■ **Supplied information**
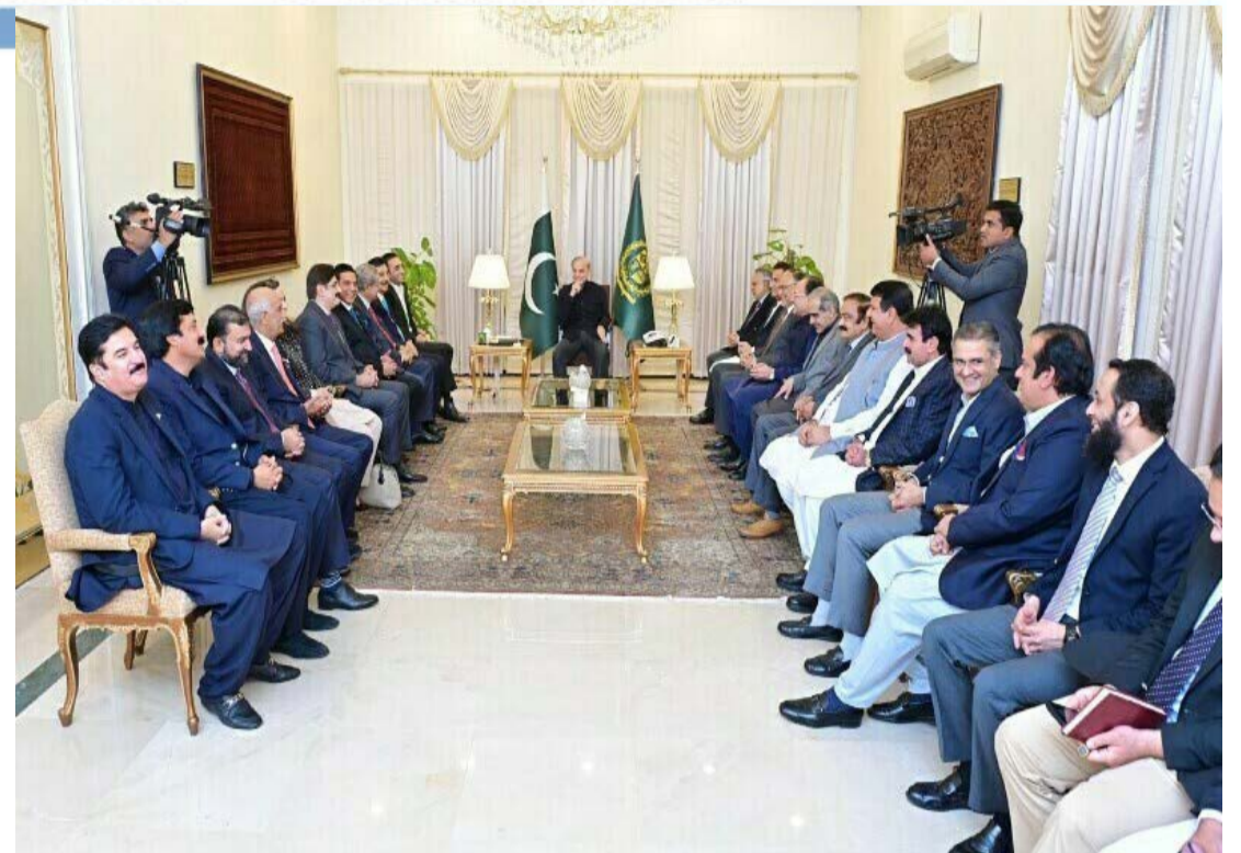
A delegation of the Pakistan People's Party, led by Chairman Bilawal Bhutto-Zardari calls on Prime Minister Shehbaz Sharif in Islamabad on March 10.
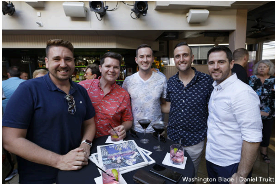
Blue Moon
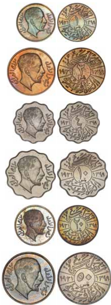
2205* Iraq , Kingdom, Faisal I, proof set, 1931 (AH 1349) one fil to fifty fils, London mint (KM.95, 96, 97, 98, 99, 100). Lightly toned, FDC. (6)

■ **The problem**
Everything in the listing must be restated word for word, except for the pictures.

■ **Answer to the problem**
A delegation of the Pakistan People's Party, led by Chairman Bilawal Bhutto-Zardari calls on Prime Minister Shehbaz Sharif in Islamabad on March 10.
Blue Moon
2205* Iraq , Kingdom, Faisal I, proof set, 1931 (AH 1349) one fil to fifty fils, London mint (KM.95, 96, 97, 98, 99, 100). Lightly toned, FDC. (6)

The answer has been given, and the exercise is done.